Task directions: Copy out the data below as written; omit any images.

** Information provided follows **

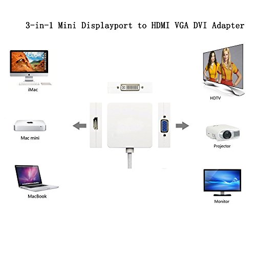 Mini displayport (Thunderbolt 2) to VGA/HDMI/DVI 3-in-1 video adapter converter lets you connect your mini-dp equipped device to a high definition monitor, projector
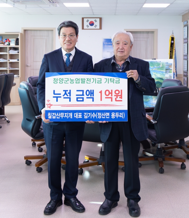 [파이낸셜경제=김영란 기자] 청양군은 정산면 용두리 소재 ‘칠갑산무지개’의 김기수 대표가 군청을 방문해 농업발전기금 1,000만 원을 기탁하면서 올해로 마침내 누적 기탁금 1억 원을 달성했다고 밝혔다.
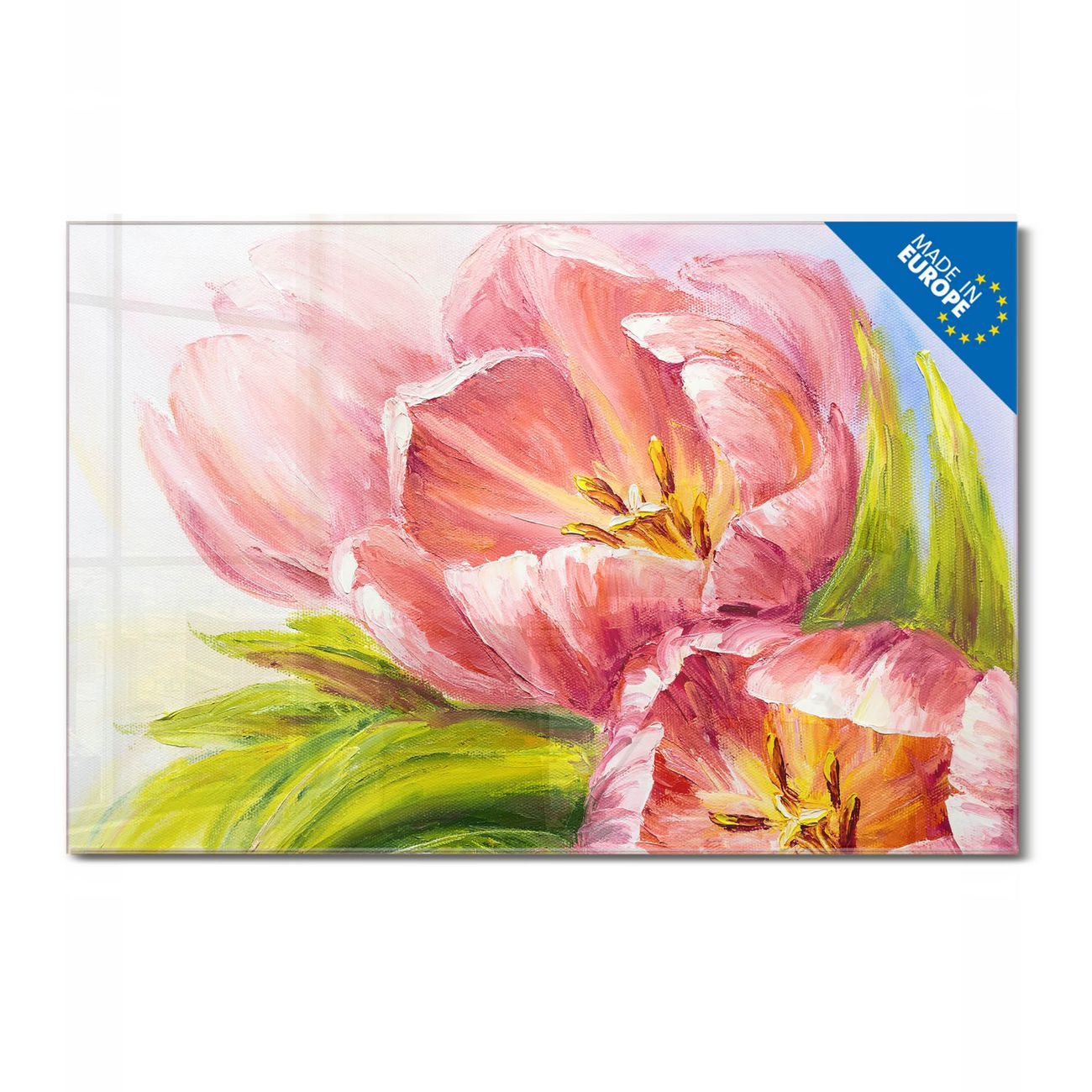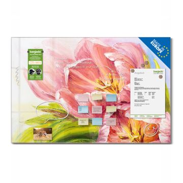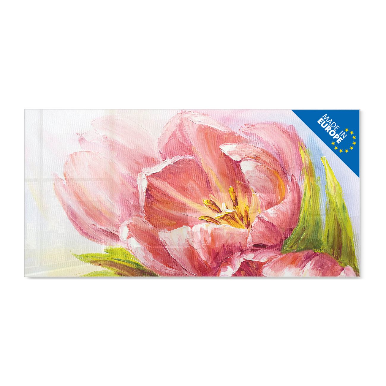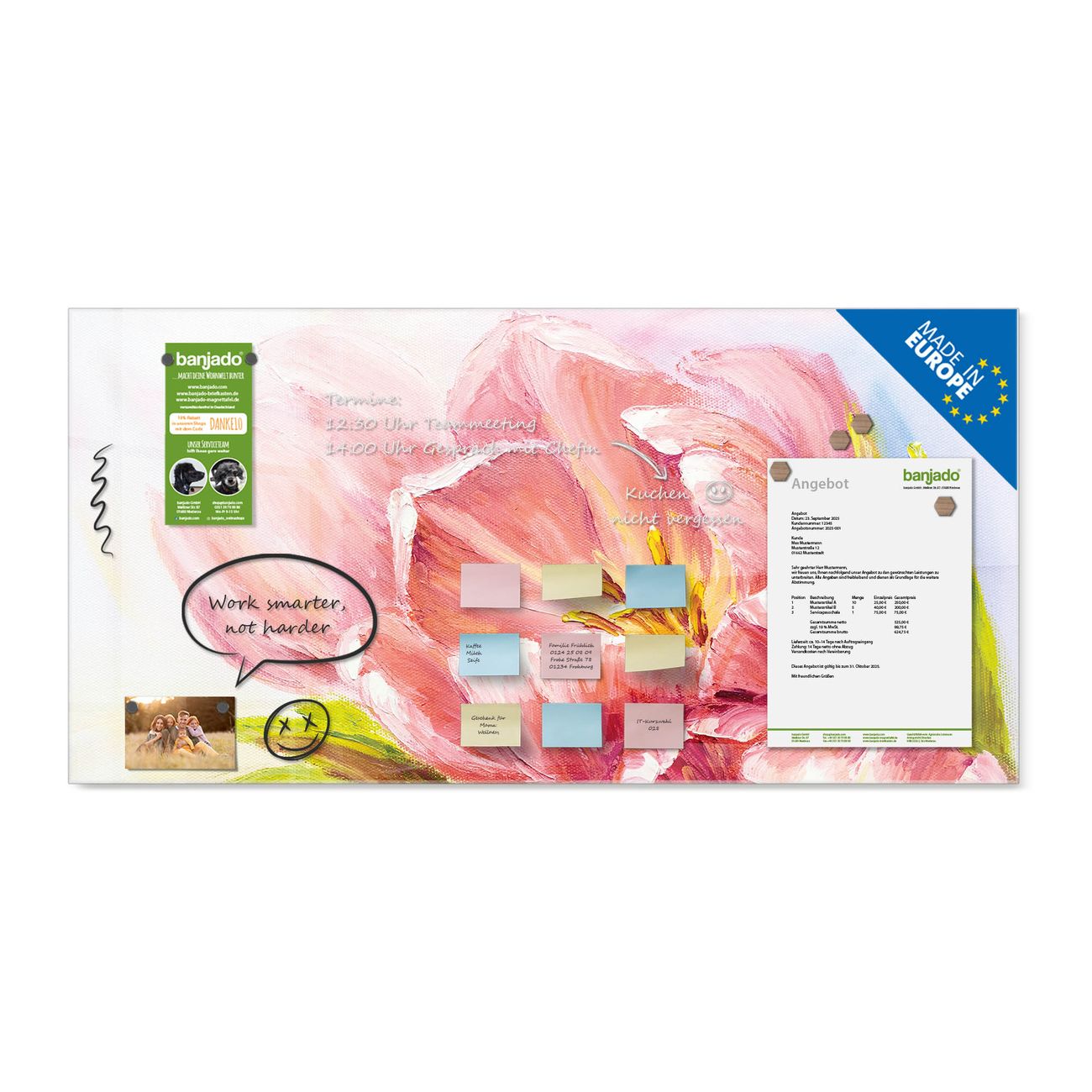 Material: 4mm Sicherheitsglas mit Metallrückwand Eigenschaften: beschreibbar, magnetisch, kratzfest Maße: 120x60x0,6cm, 10,80kg schwer Motiv Nummer 12342 Tulpen Detail Zubehör: inklusive 4 Neodym-Magnete

** End of Information provided **

Task output:
 Mini displayport (Thunderbolt 2) to VGA/HDMI/DVI 3-in-1 video adapter converter lets you connect your mini-dp equipped device to a high definition monitor, projector
 [파이낸셜경제=김영란 기자] 청양군은 정산면 용두리 소재 ‘칠갑산무지개’의 김기수 대표가 군청을 방문해 농업발전기금 1,000만 원을 기탁하면서 올해로 마침내 누적 기탁금 1억 원을 달성했다고 밝혔다.
 Material: 4mm Sicherheitsglas mit Metallrückwand Eigenschaften: beschreibbar, magnetisch, kratzfest Maße: 120x60x0,6cm, 10,80kg schwer Motiv Nummer 12342 Tulpen Detail Zubehör: inklusive 4 Neodym-Magnete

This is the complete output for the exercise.